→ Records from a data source
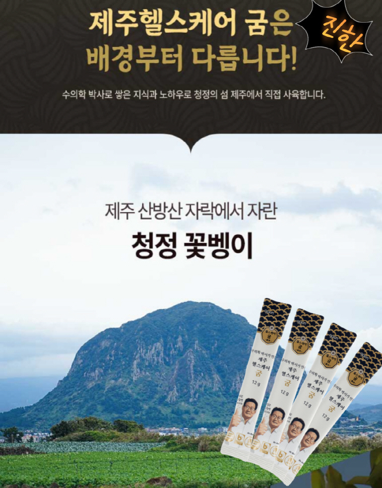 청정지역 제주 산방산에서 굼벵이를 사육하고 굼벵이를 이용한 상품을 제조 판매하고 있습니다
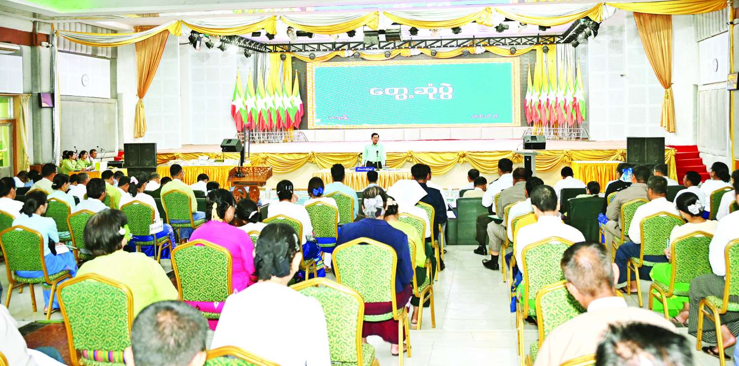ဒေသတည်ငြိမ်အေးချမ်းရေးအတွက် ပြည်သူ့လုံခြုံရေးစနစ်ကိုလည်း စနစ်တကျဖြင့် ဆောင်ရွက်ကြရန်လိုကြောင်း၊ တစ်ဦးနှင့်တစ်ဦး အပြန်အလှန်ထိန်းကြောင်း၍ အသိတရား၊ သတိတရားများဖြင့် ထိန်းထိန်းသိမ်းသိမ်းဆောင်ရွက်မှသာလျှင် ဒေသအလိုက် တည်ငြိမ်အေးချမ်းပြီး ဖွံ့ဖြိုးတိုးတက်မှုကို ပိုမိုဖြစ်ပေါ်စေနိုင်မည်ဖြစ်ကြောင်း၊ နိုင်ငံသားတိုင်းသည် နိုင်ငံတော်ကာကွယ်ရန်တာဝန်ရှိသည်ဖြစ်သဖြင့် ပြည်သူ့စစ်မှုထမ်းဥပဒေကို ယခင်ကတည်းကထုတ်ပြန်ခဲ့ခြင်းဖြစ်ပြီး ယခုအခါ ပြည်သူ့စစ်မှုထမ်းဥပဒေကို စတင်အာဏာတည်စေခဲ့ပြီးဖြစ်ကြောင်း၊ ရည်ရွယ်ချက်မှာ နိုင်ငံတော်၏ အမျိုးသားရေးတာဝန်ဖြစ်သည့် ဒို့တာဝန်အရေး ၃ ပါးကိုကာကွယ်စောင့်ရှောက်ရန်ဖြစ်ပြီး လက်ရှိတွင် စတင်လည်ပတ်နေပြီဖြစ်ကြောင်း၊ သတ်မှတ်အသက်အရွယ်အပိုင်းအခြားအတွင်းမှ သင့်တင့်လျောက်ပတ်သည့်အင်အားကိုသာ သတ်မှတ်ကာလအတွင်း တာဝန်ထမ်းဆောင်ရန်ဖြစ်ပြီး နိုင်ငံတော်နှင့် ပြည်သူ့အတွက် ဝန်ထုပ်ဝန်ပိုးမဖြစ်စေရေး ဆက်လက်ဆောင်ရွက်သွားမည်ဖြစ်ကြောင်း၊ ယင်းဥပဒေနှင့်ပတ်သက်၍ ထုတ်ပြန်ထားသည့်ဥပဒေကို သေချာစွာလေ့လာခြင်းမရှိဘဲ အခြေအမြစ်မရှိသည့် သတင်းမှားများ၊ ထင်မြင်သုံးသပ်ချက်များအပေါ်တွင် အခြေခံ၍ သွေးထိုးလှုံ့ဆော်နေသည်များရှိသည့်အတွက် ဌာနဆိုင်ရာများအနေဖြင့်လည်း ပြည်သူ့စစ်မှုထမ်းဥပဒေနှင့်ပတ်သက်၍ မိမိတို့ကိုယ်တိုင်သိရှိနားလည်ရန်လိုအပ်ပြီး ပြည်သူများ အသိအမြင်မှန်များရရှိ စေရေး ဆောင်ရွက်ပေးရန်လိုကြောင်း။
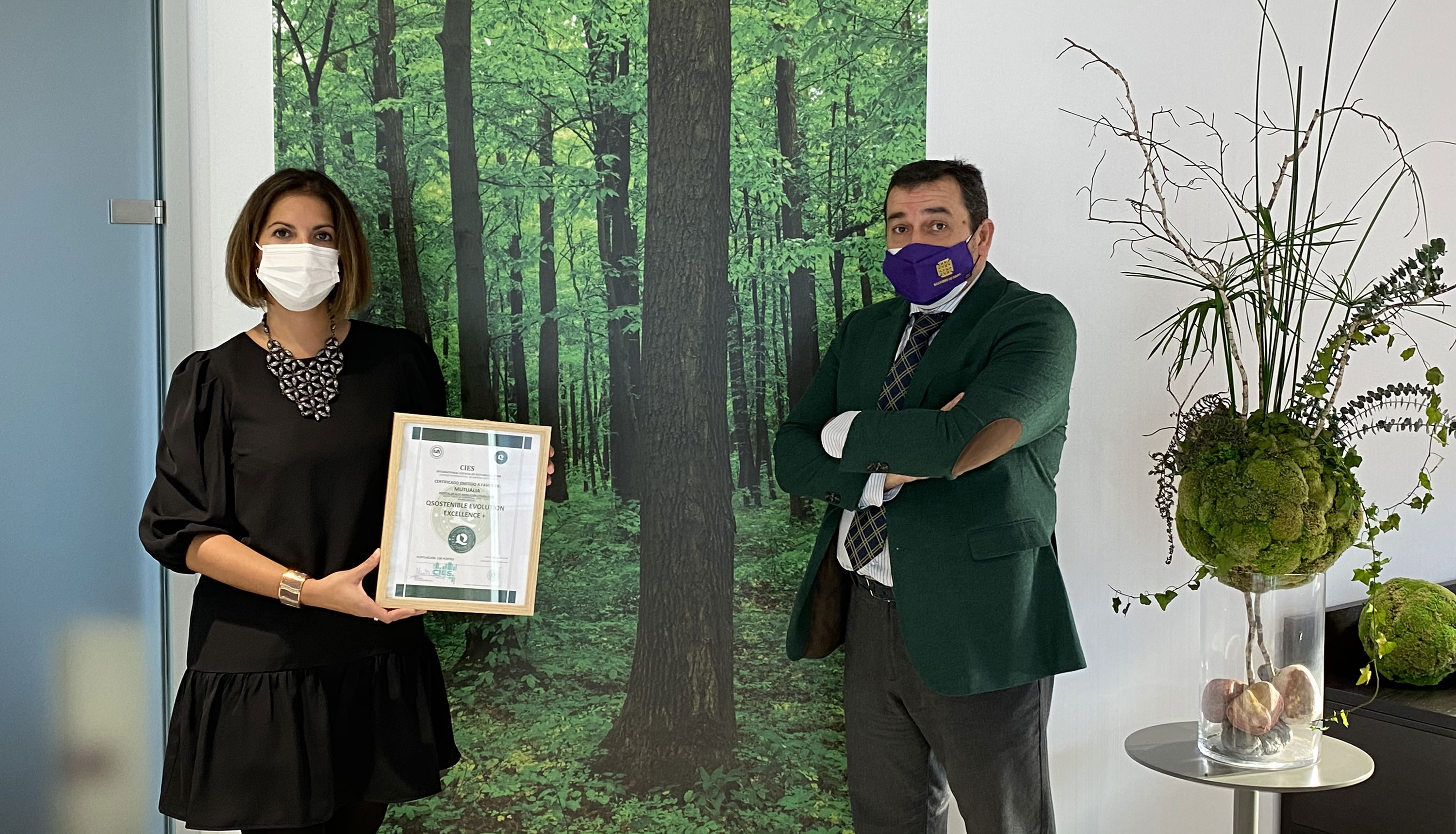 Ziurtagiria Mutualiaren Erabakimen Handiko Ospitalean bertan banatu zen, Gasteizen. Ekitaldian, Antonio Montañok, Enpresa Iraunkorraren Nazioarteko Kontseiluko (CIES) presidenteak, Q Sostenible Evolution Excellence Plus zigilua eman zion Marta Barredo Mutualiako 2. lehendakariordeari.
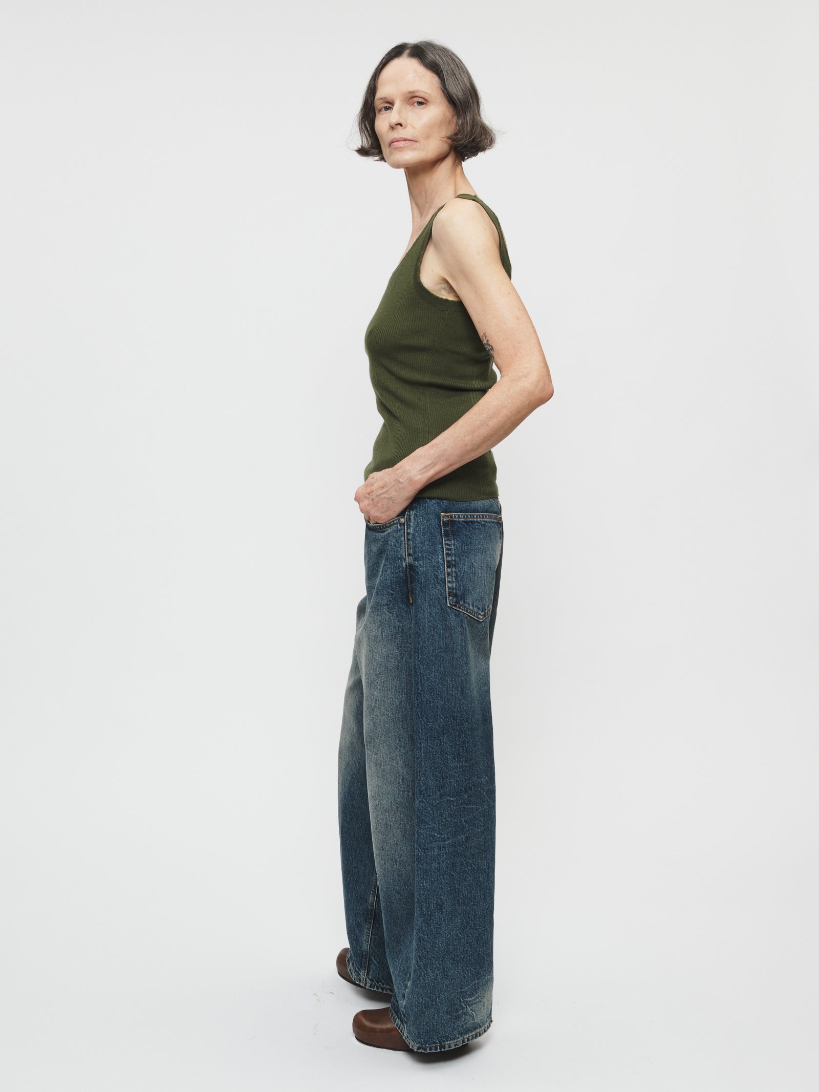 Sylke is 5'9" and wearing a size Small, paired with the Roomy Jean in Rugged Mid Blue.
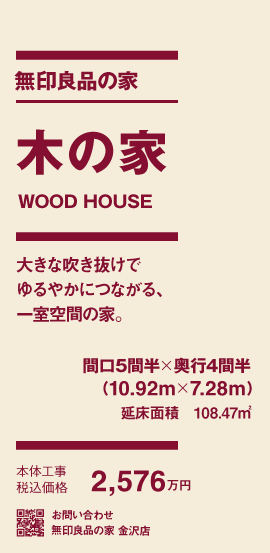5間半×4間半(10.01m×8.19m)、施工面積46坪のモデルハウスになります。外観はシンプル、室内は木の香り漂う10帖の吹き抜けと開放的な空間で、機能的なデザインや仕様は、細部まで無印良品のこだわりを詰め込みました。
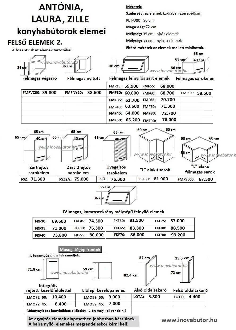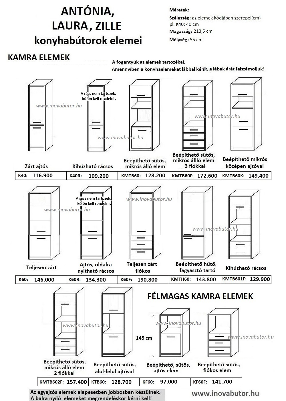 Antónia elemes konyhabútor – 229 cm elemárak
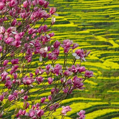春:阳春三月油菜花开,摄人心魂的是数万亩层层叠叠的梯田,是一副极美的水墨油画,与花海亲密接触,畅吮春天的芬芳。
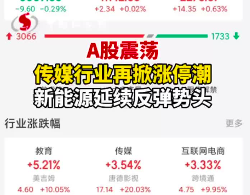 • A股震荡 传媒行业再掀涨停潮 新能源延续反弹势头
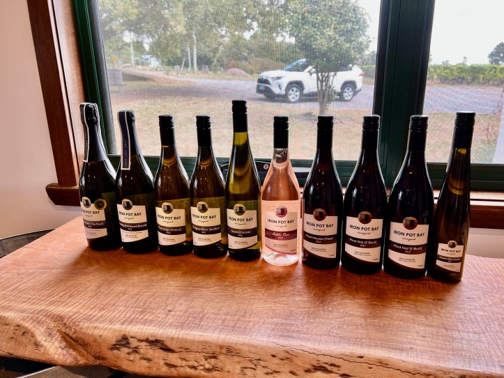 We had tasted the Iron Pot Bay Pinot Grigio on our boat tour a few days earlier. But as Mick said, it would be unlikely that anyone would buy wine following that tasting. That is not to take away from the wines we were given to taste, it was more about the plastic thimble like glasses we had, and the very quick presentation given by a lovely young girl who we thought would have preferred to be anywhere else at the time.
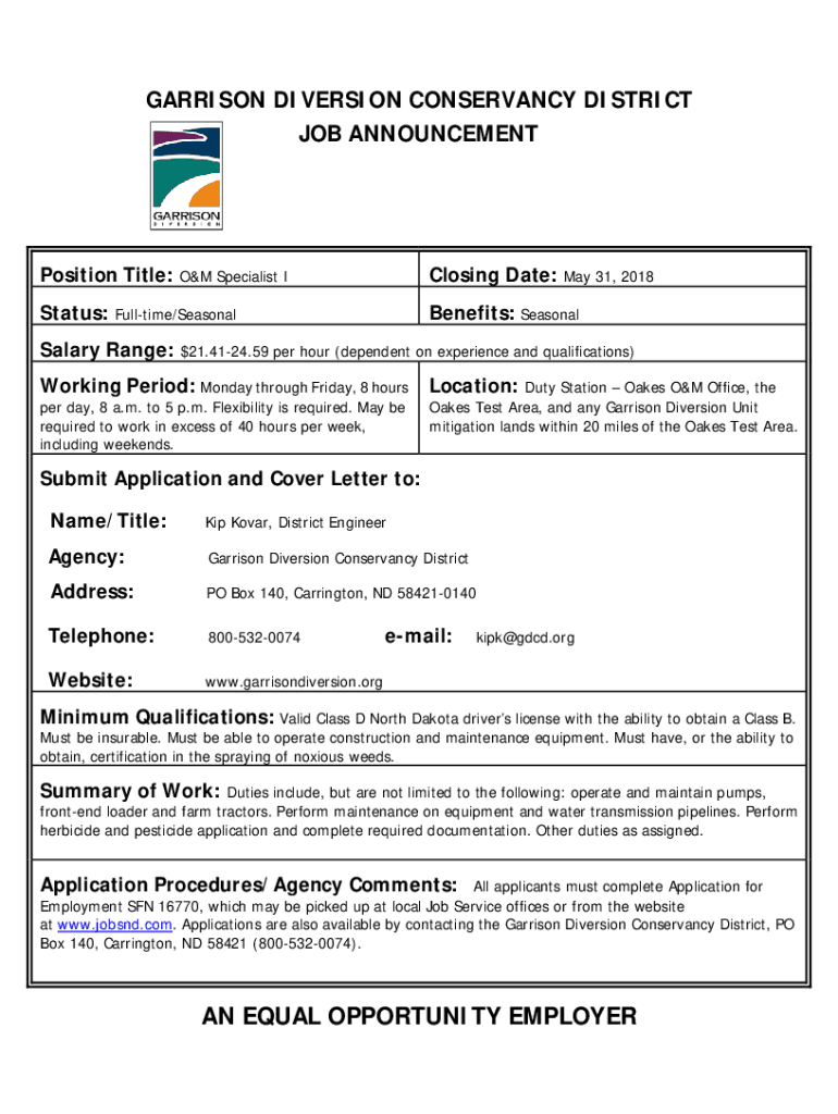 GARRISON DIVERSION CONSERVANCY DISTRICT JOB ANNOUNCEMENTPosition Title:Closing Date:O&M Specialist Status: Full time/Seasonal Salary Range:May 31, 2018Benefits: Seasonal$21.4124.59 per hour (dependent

→ Aim of the exercise
Set down exactly the lines from the start of the records through the line containing "အသိအမြင်မှန်များရရှိ စေရေး ဆောင်ရွက်ပေးရန်လိုကြောင်း။", both included, and omit the pictures.

→ Answer box
 청정지역 제주 산방산에서 굼벵이를 사육하고 굼벵이를 이용한 상품을 제조 판매하고 있습니다
ဒေသတည်ငြိမ်အေးချမ်းရေးအတွက် ပြည်သူ့လုံခြုံရေးစနစ်ကိုလည်း စနစ်တကျဖြင့် ဆောင်ရွက်ကြရန်လိုကြောင်း၊ တစ်ဦးနှင့်တစ်ဦး အပြန်အလှန်ထိန်းကြောင်း၍ အသိတရား၊ သတိတရားများဖြင့် ထိန်းထိန်းသိမ်းသိမ်းဆောင်ရွက်မှသာလျှင် ဒေသအလိုက် တည်ငြိမ်အေးချမ်းပြီး ဖွံ့ဖြိုးတိုးတက်မှုကို ပိုမိုဖြစ်ပေါ်စေနိုင်မည်ဖြစ်ကြောင်း၊ နိုင်ငံသားတိုင်းသည် နိုင်ငံတော်ကာကွယ်ရန်တာဝန်ရှိသည်ဖြစ်သဖြင့် ပြည်သူ့စစ်မှုထမ်းဥပဒေကို ယခင်ကတည်းကထုတ်ပြန်ခဲ့ခြင်းဖြစ်ပြီး ယခုအခါ ပြည်သူ့စစ်မှုထမ်းဥပဒေကို စတင်အာဏာတည်စေခဲ့ပြီးဖြစ်ကြောင်း၊ ရည်ရွယ်ချက်မှာ နိုင်ငံတော်၏ အမျိုးသားရေးတာဝန်ဖြစ်သည့် ဒို့တာဝန်အရေး ၃ ပါးကိုကာကွယ်စောင့်ရှောက်ရန်ဖြစ်ပြီး လက်ရှိတွင် စတင်လည်ပတ်နေပြီဖြစ်ကြောင်း၊ သတ်မှတ်အသက်အရွယ်အပိုင်းအခြားအတွင်းမှ သင့်တင့်လျောက်ပတ်သည့်အင်အားကိုသာ သတ်မှတ်ကာလအတွင်း တာဝန်ထမ်းဆောင်ရန်ဖြစ်ပြီး နိုင်ငံတော်နှင့် ပြည်သူ့အတွက် ဝန်ထုပ်ဝန်ပိုးမဖြစ်စေရေး ဆက်လက်ဆောင်ရွက်သွားမည်ဖြစ်ကြောင်း၊ ယင်းဥပဒေနှင့်ပတ်သက်၍ ထုတ်ပြန်ထားသည့်ဥပဒေကို သေချာစွာလေ့လာခြင်းမရှိဘဲ အခြေအမြစ်မရှိသည့် သတင်းမှားများ၊ ထင်မြင်သုံးသပ်ချက်များအပေါ်တွင် အခြေခံ၍ သွေးထိုးလှုံ့ဆော်နေသည်များရှိသည့်အတွက် ဌာနဆိုင်ရာများအနေဖြင့်လည်း ပြည်သူ့စစ်မှုထမ်းဥပဒေနှင့်ပတ်သက်၍ မိမိတို့ကိုယ်တိုင်သိရှိနားလည်ရန်လိုအပ်ပြီး ပြည်သူများ အသိအမြင်မှန်များရရှိ စေရေး ဆောင်ရွက်ပေးရန်လိုကြောင်း။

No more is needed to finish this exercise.